## Work request
Once the pictures are set aside, print the records that follow exactly as written.
┌─ Recorded data
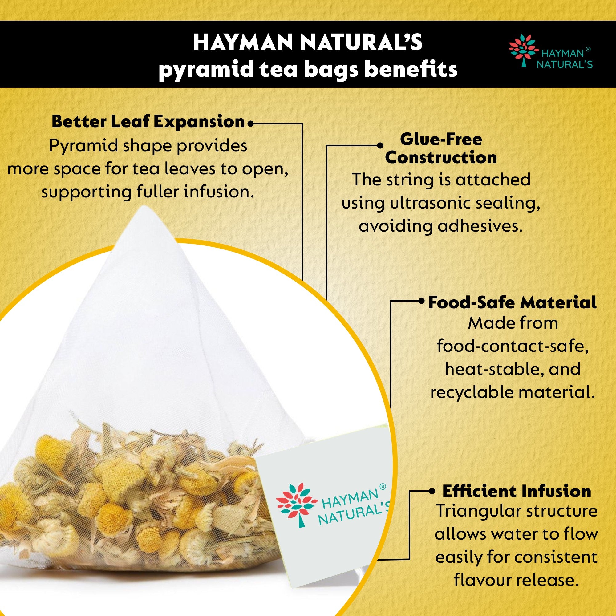Hayman Natural's Chamomile Herbal Tea-30 Pyramid Tea Bags,Caffeine Free,Calm & Relax Tea
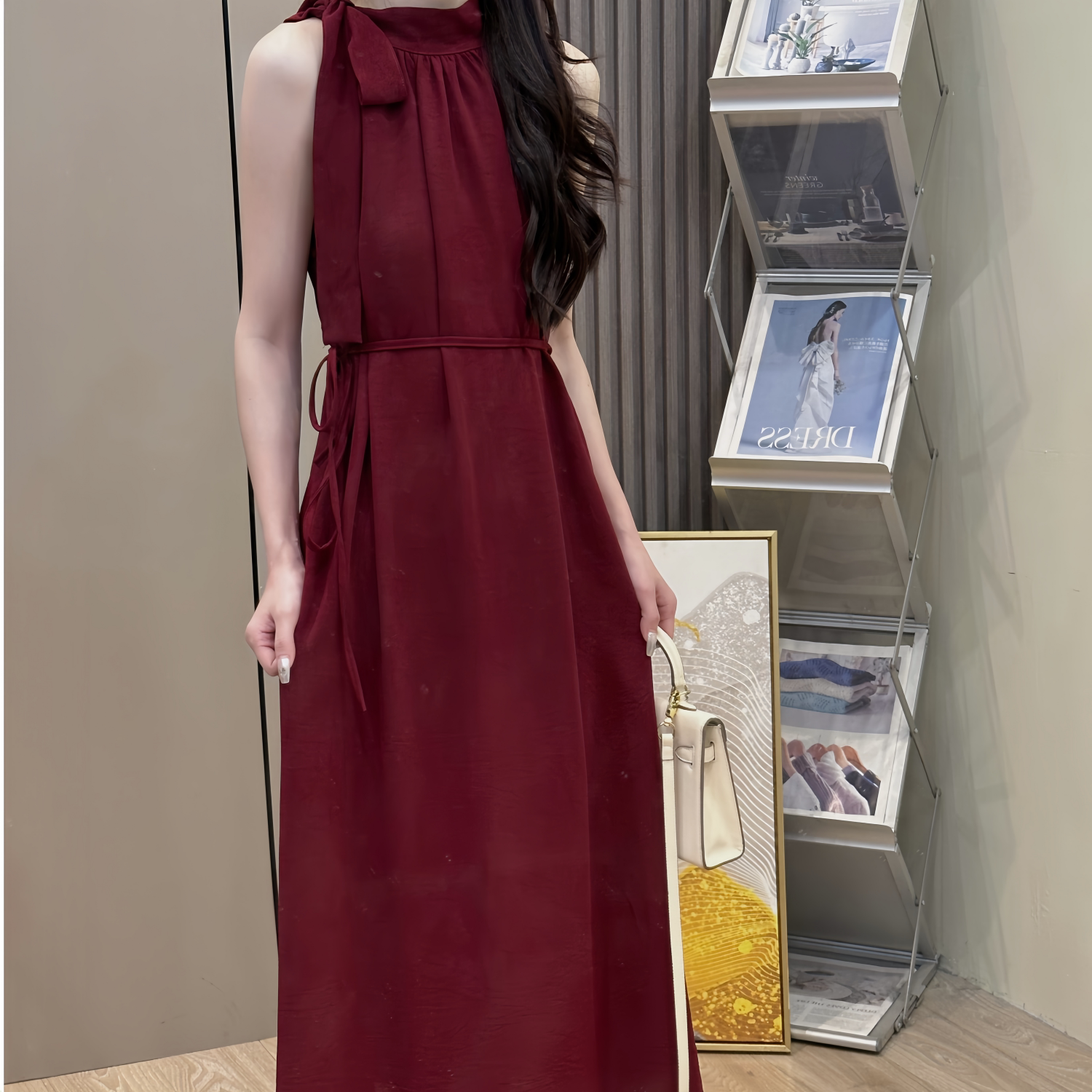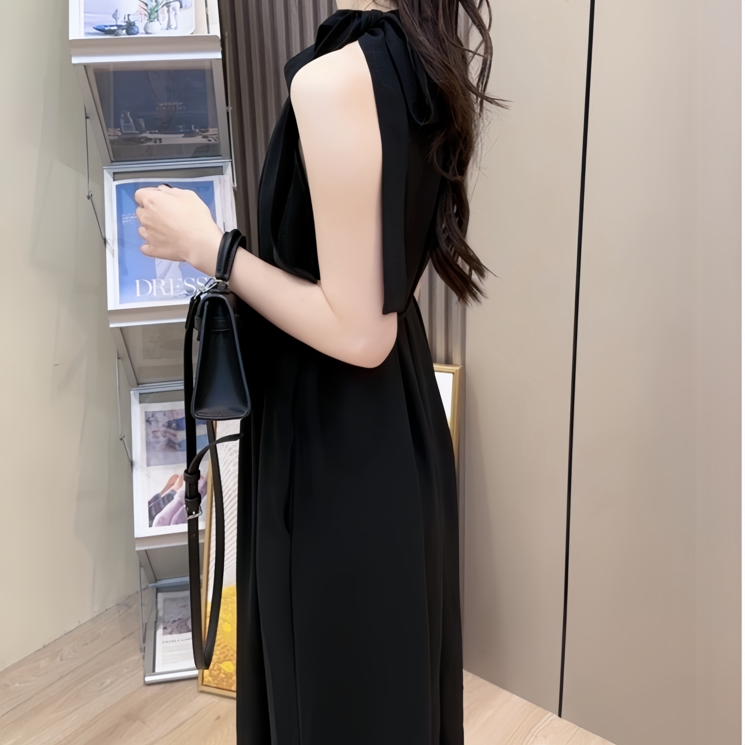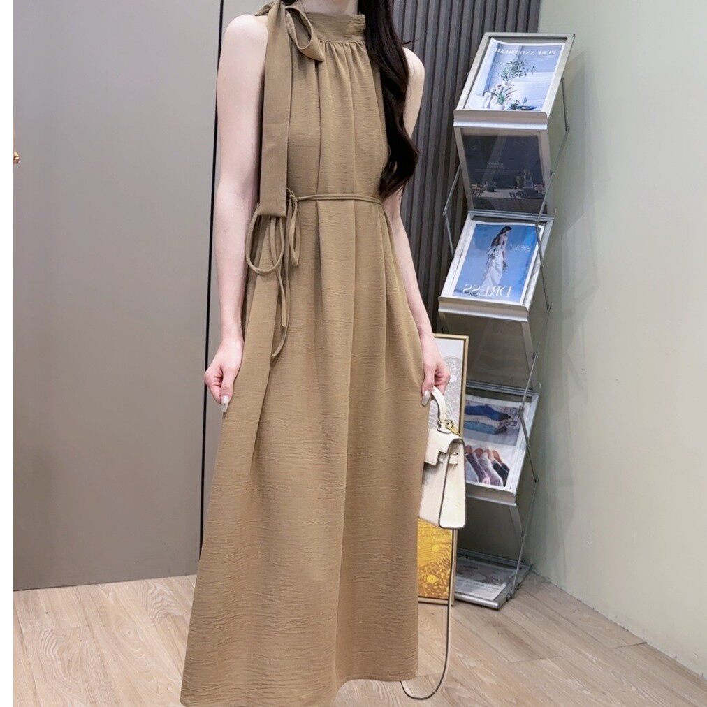 法式夏季名媛挂脖连衣裙露肩绑带宽松显瘦度假风无袖垂感气质裙子
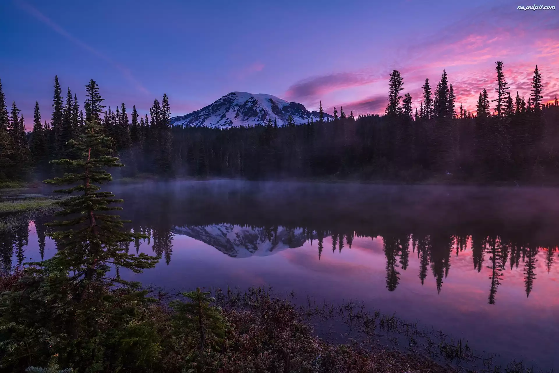 Stan Waszyngton, Góra, Stany Zjednoczone, Jezioro Reflection Lake, Mgła, Drzewa, Park Narodowy Mount Rainier, Szczyt Mount Rainier, Wschód słońca, Las Na Pulpit |
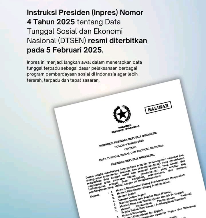 Suarabogani.com, 17 Februari 2025 – Presiden Republik Indonesia resmi menerbitkan Instruksi Presiden (Inpres) Nomor 4 Tahun 2025 tentang Data Tunggal Sosial dan Ekonomi Nasional (DTSEN). Kebijakan ini bertujuan untuk memastikan seluruh program bantuan sosial dan pemberdayaan masyarakat dari berbagai lembaga mengacu pada satu sumber data yang terintegrasi.
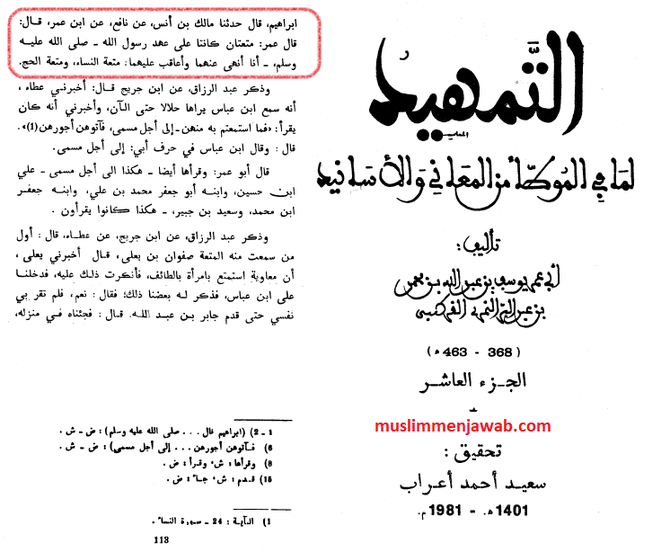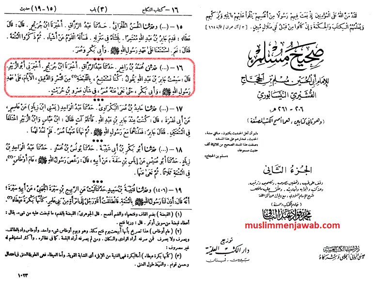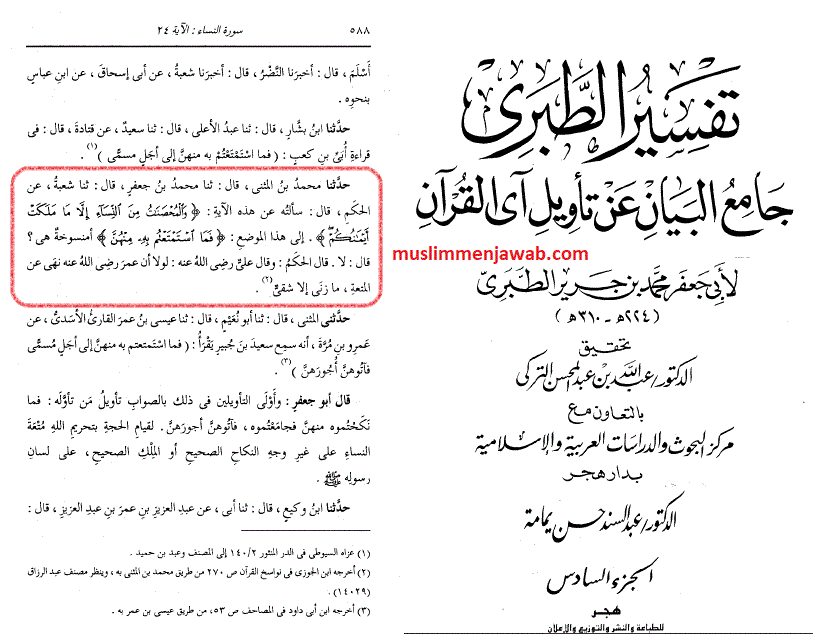 Ungkapan di atas terkam dengan jelas di dalam kitab Sahih Muslim, juz 2, hal. 1023, Bab An-Nikah Mut’ah, Muallif Muslim bin Hujjaj Abul Hasan Qusyairi An-Naisyaburi (Wafat: 261 H). Muhaqiq Fuad Abdul Baqi, penerbit: Darul Ihya’ At-Turtsul Arabi-Beirut.
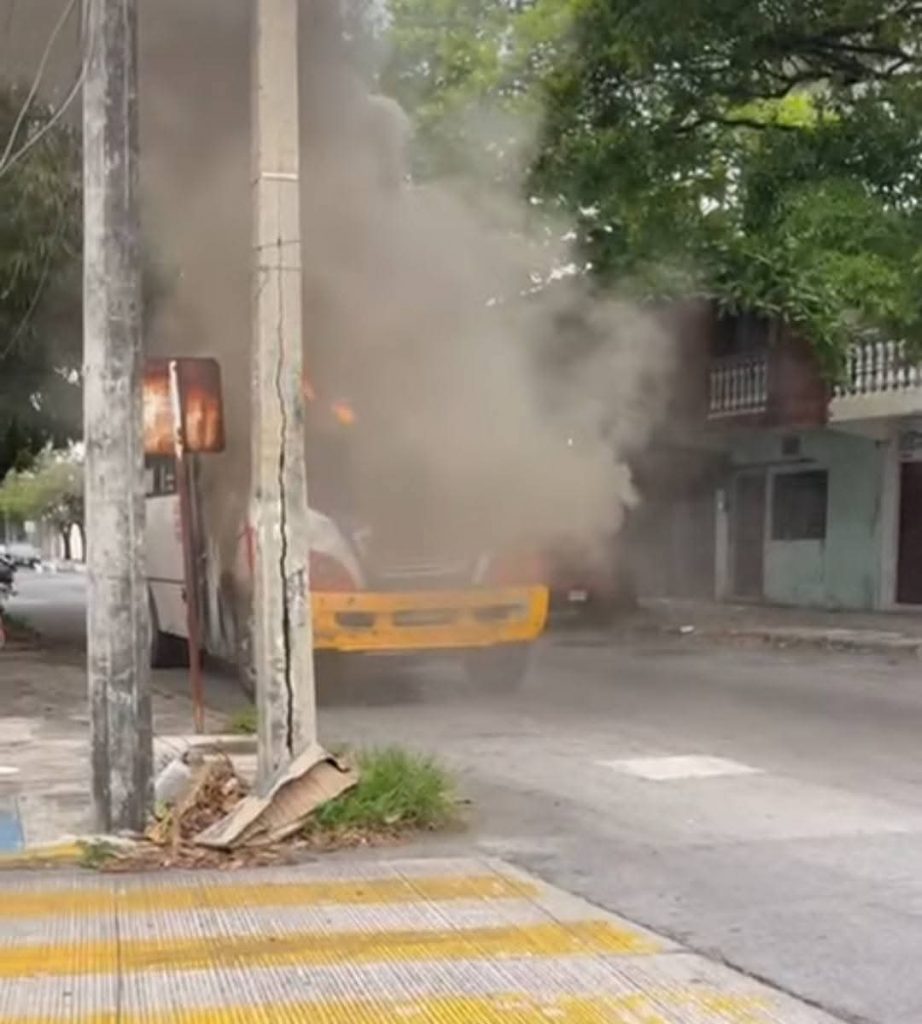 El autobús conocido como “Muerte-Sur” por la forma temeraria en que son conducidos siempre, pasándose altos, chocando, atropellando y con pasajeros casi colgados en las puertas, fue consumido por el fuego.
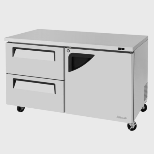 Description: Super Deluxe Series Undercounter Freezer, two-section, 60-1/4"W x 30"D x 30"H, 17.2 cu. ft., self-contained rear mount refrigeration system with self-cleaning condenser, (2) drawers on left, (1) right hinged door on right, (1) stainless steel wire shelf, stainless steel top, front & sides (galvanized steel back & bottom), stainless steel interior with ABS door liner, R290 Hydrocarbon refrigerant, 1/2 HP, 115v/60/1-ph, 8.0 amps, cord with NEMA 5-15P, cETLus, ETL-Sanitation (contact sales for lead time)
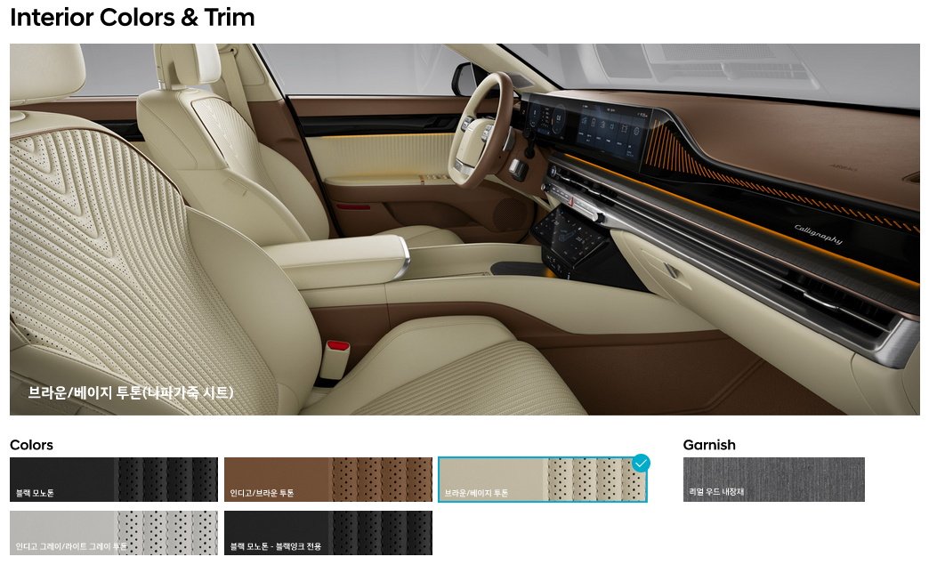 외장 컬러는 크게 5종류가 있으며, 내부 컬러는 캘리그래피 전용 컬러와 이외 트림 컬러로 구분됩니다. 확실히 캘리그래피 내부 컬러가 훨씬 이쁘네요.특히 화이트 & 베이지 컬러가 가장 맘에 듭니다. 하지만 이 컬러를 하려면 가장 비싼 트림을 선택해야 합니다. 역시 현대자동차입니다.
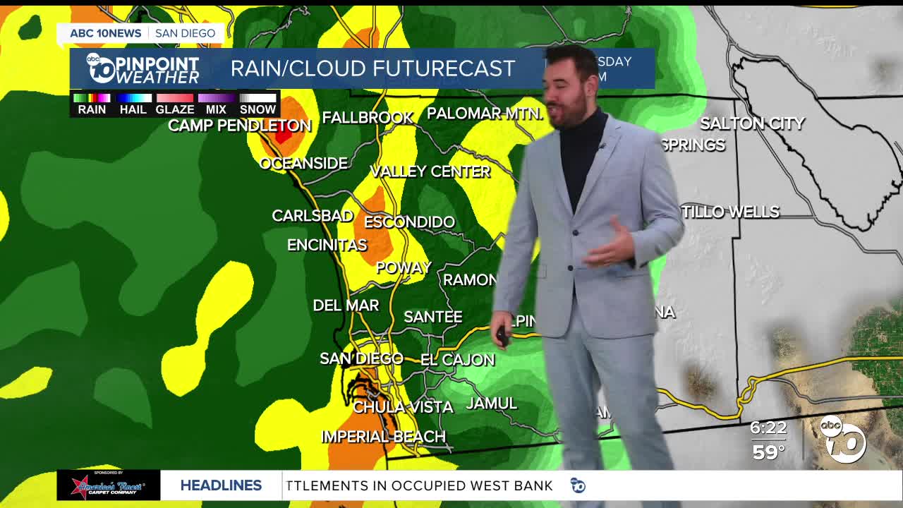 The mountain areas and parts of North County are expected to get 2-3 inches of rain by Wednesday night. The storm will move into Christmas Day, putting a damper on those holiday plans. The storm is expected to stick around until Friday. The weekend is looking much drier with partly cloudy skies.
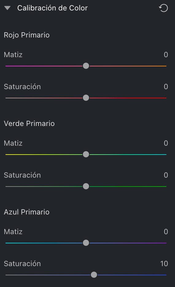 Calibración de Color para ajustar el Matiz y la Saturación de los tres colores primarios, corrigiendo la desviación de color en la imagen para hacerla más precisa y realista.
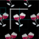 Red Vin Glass Mönster på Black Tyg
└─
## Answer
Hayman Natural's Chamomile Herbal Tea-30 Pyramid Tea Bags,Caffeine Free,Calm & Relax Tea
 法式夏季名媛挂脖连衣裙露肩绑带宽松显瘦度假风无袖垂感气质裙子
 Stan Waszyngton, Góra, Stany Zjednoczone, Jezioro Reflection Lake, Mgła, Drzewa, Park Narodowy Mount Rainier, Szczyt Mount Rainier, Wschód słońca, Las Na Pulpit |
 Suarabogani.com, 17 Februari 2025 – Presiden Republik Indonesia resmi menerbitkan Instruksi Presiden (Inpres) Nomor 4 Tahun 2025 tentang Data Tunggal Sosial dan Ekonomi Nasional (DTSEN). Kebijakan ini bertujuan untuk memastikan seluruh program bantuan sosial dan pemberdayaan masyarakat dari berbagai lembaga mengacu pada satu sumber data yang terintegrasi.
 Ungkapan di atas terkam dengan jelas di dalam kitab Sahih Muslim, juz 2, hal. 1023, Bab An-Nikah Mut’ah, Muallif Muslim bin Hujjaj Abul Hasan Qusyairi An-Naisyaburi (Wafat: 261 H). Muhaqiq Fuad Abdul Baqi, penerbit: Darul Ihya’ At-Turtsul Arabi-Beirut.
 El autobús conocido como “Muerte-Sur” por la forma temeraria en que son conducidos siempre, pasándose altos, chocando, atropellando y con pasajeros casi colgados en las puertas, fue consumido por el fuego.
 Description: Super Deluxe Series Undercounter Freezer, two-section, 60-1/4"W x 30"D x 30"H, 17.2 cu. ft., self-contained rear mount refrigeration system with self-cleaning condenser, (2) drawers on left, (1) right hinged door on right, (1) stainless steel wire shelf, stainless steel top, front & sides (galvanized steel back & bottom), stainless steel interior with ABS door liner, R290 Hydrocarbon refrigerant, 1/2 HP, 115v/60/1-ph, 8.0 amps, cord with NEMA 5-15P, cETLus, ETL-Sanitation (contact sales for lead time)
 외장 컬러는 크게 5종류가 있으며, 내부 컬러는 캘리그래피 전용 컬러와 이외 트림 컬러로 구분됩니다. 확실히 캘리그래피 내부 컬러가 훨씬 이쁘네요.특히 화이트 & 베이지 컬러가 가장 맘에 듭니다. 하지만 이 컬러를 하려면 가장 비싼 트림을 선택해야 합니다. 역시 현대자동차입니다.
 The mountain areas and parts of North County are expected to get 2-3 inches of rain by Wednesday night. The storm will move into Christmas Day, putting a damper on those holiday plans. The storm is expected to stick around until Friday. The weekend is looking much drier with partly cloudy skies.
 Calibración de Color para ajustar el Matiz y la Saturación de los tres colores primarios, corrigiendo la desviación de color en la imagen para hacerla más precisa y realista.
 Red Vin Glass Mönster på Black Tyg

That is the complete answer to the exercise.